Sycophant (noun) - a person who acts obsequiously toward someone important in order to gain advantage. Brown-noser, yes-man, toady.

The king was surrounded by sycophants in his court.


----------



## Paco Dennis (Dec 8, 2021)




----------



## OneEyedDiva (Dec 8, 2021)

Yeah...now we just need to find out what "obsequiously" means! LOL


----------



## debodun (Dec 8, 2021)

With the Internet, that shouldn't be too difficult.


----------



## OneEyedDiva (Dec 8, 2021)

debodun said:


> With the Internet, that shouldn't be too difficult.

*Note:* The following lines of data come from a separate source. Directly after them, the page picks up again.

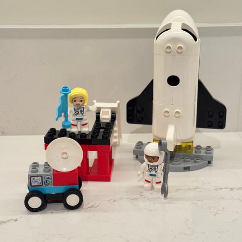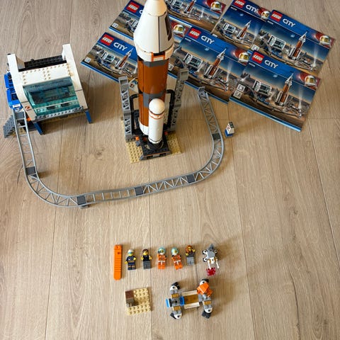 LEGO City Rymdfärja med tillbehör inklusive startplattform. Setet är byggbart med detaljerade delar som öppningsbar lastutrymme och rörliga komponenter. Passar för barn och samlare intresserade av rymdtema. Inga mini figurer. 6000 kr ny pris.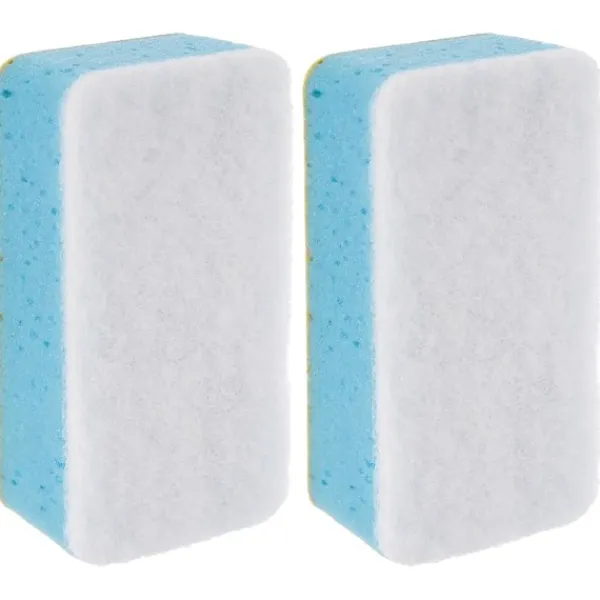 Set med 2 kökssvampar designade för rengöring av disk och andra köksytor. Gemssidan är idealisk för rengöring av speglar och glas.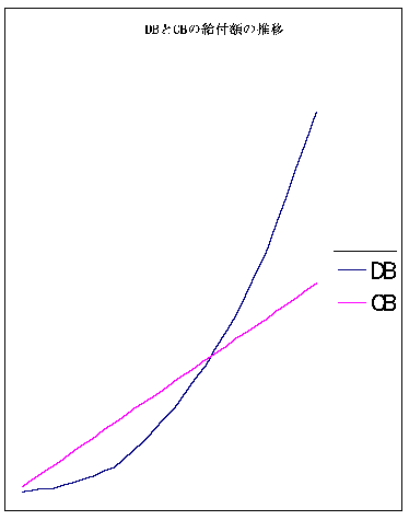 - 典型的なDBの年金額は、最終給与平均、勤続年数により算出されるが、CBの場合は、拠出ポイントと利子ポイントの累積により算出される。従って最終的な年金額(一時金)は、運用実績により左右される。→DC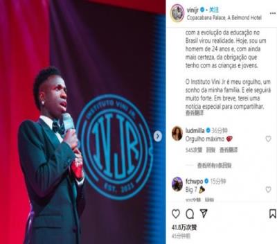 “维尼修斯学院是我的骄傲,也是我家人的梦想。这个项目将继续下去,我很快还会有特别的消息分享给大家。”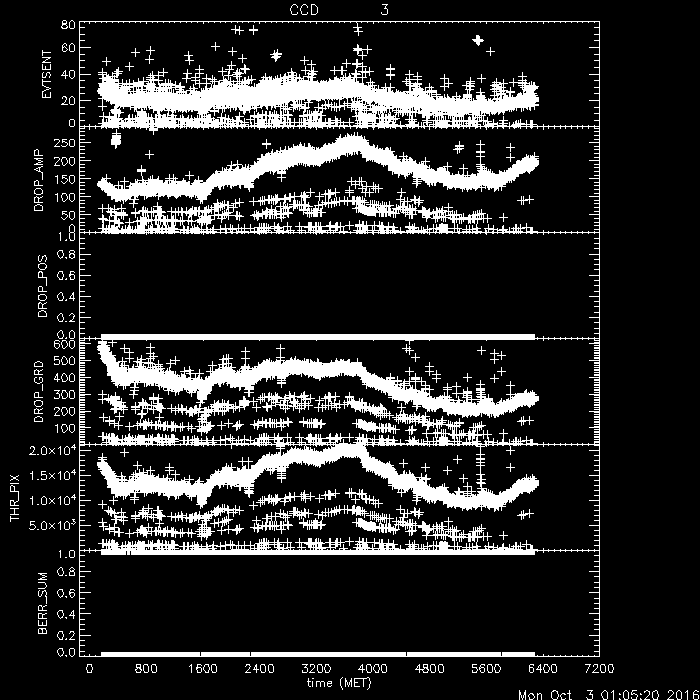 The links below are plots of stat1 quantities, showing on-board rejected events. The average EVTSENT, DROP_AMP, DROP_POS, DROP_GRD, THR_PIX, and maximum BERR_SUM obtained from L1 acis*stat1.fits files are plotted for each observation. CTI observations are plotted separately from regular science observations.

Not at all. I was just being facetious.   In fact, I besides being able to "ask" the Google lady what it means, I have access to the Oxford American dictionary right on my computer's dock.


----------



## Irwin (Dec 8, 2021)

debodun said:


> Sycophant (noun) - a person who acts obsequiously toward someone important in order to gain advantage. Brown-noser, yes-man, toady.


See Devan Nunes.


----------



## Bretrick (Dec 8, 2021)

The CEO of many companies must after a while get sick of bootlicking sycophants.


----------